On October 25, 2019, more than one million Chileans took to the streets to march peacefully against the increase in subway fares and demanding reforms to an unequal economic system inherited from the Pinochet dictatorship. In the midst of this massive march, the Los Prisioneros song, El baile de los que sobran (The Dance of Those Who Are Left Over) was heard being sung at the top of their lungs.

The song refers to the forgotten, the nobodies, who were sold the myth of meritocracy and equal opportunities through education. Through this song, the band addresses the millions of Chileans who did not have access to good jobs or good living conditions, because they were not given the same opportunities as the rich. These young people go to school with a lot of effort and dedication, with the illusion that the education they receive will open doors for them. At the end of the day however, they discover that their possibilities for employment or higher education (university) are completely limited.

Nos dijeron cuando chicos
Jueguen a estudiar
Los hombres son hermanos
Y juntos deben trabajar.
(We were told when we were children/play to study/men are brothers/and together they must work.)

Oías los consejos
Los ojos en el profesor
Había tanto sol sobre las cabezas
Y no fue tan verdad
Porque esos juegos al final
Terminaron para otros con laureles y futuro
Ydejaron a mis amigos pateando piedras.
(You heard the advice/ eyes on the teacher/ there was so much sun overhead/ And it wasn’t so true/ because those games at the end/ ended for others with laurels and future / and left my friends kicking rocks.)

El baile de los que sobran is a call to all these people, excluded from the neoliberal system and excluded from the labor market. Los Prisioneros call for the union of these individuals, in a space of solidarity that leaves the door open to collective organization.

Unánse al baile
De los que sobran
Nadie los va a echar de más
Nadie nos quiso ayudar de verdad.
(Join the dance/ of those who are left over/ no one will miss them/ no one really wanted to help us.)

This song was composed by Jorge González in a particular political context, that of the military dictatorship of Augusto Pinochet (1973-1990). Thirteen years after the military junta overthrew the elected president Salvador Allende (1970-1973), Chileans have seen a great transformation of their country.
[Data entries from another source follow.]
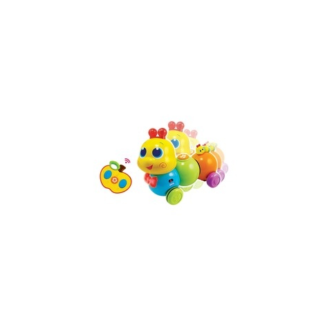 Araszolgató kukac figura, akit távirányítóval mozgathatsz! Az Első távirányítós hernyóm egy műanyagból készült színes kukac, aki mozgás közben még zenélni is tud! A kukac kedves arca és széles mosolya hangos kacagásra ingerli a babát, miközben kúszik-mászik a kis hernyó, a nyakkendője világít, és a játék különféle dallamokkal szórakoztatja a gyereket. A kukac hátán lévő gombbal indul a zene, a hernyót az alma formájú távirányítóval lehet mozgatni.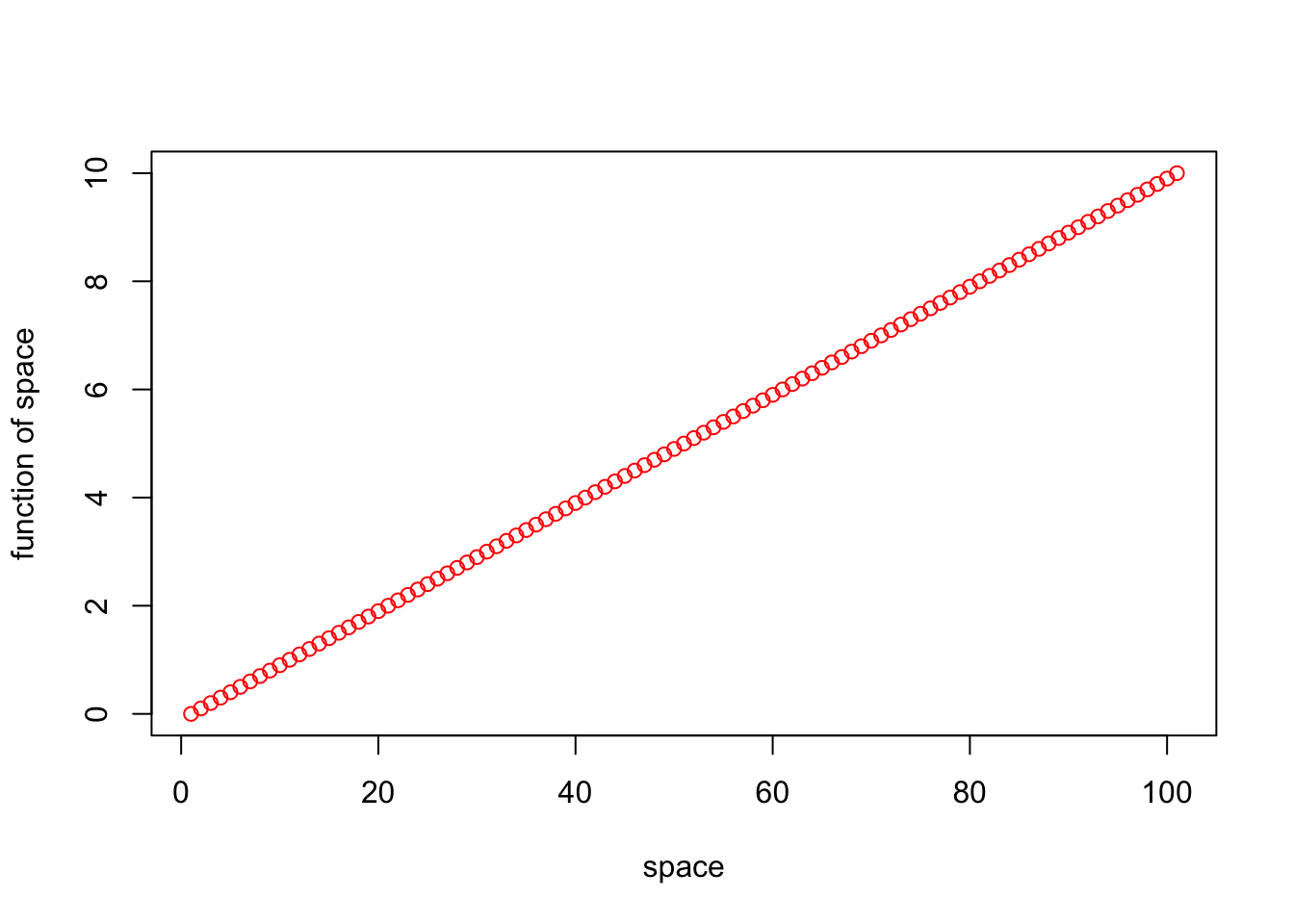 plot(seq_1, xlab="space", ylab ="function of space", type = "p", col = "red")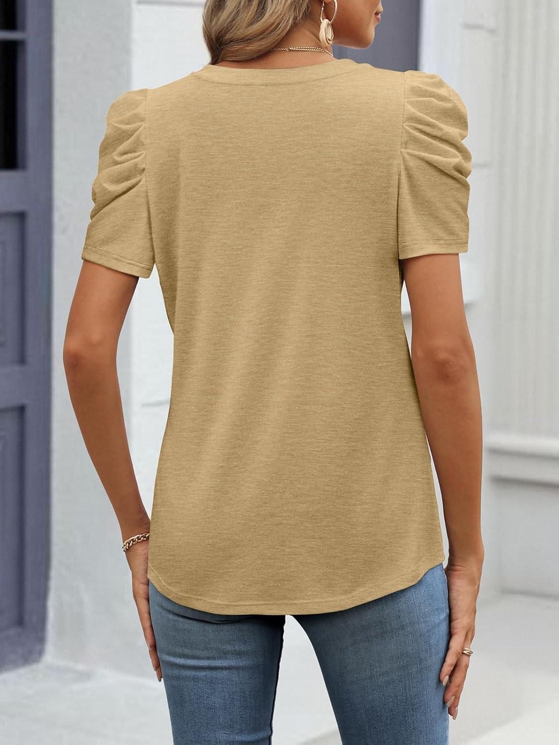 ATHMILE Womens Blouse Dressy Casual V Neck Puff Short Sleeve Tshirts Boho Fashion Summer Spring Tunic Top Clothes(Khaki)

In addition to the terror of a totalitarian and repressive regime, an ultra-liberal economic policy was imposed by the Chicago Boys, economists trained in Milton Friedman’s Chicago School. This economic theory imposed a program of structural shock, corresponding to the suppression of state intervention in economic matters and the liberalization of the economy. As a result, millions of people lost their jobs and had to work much harder to barely survive. Education and health were divided into two sectors (public and private) of different quality. In other words, the Pinochet dictatorship, although it stabilized the macroeconomic indices, accentuated the differences between the rich and the poor.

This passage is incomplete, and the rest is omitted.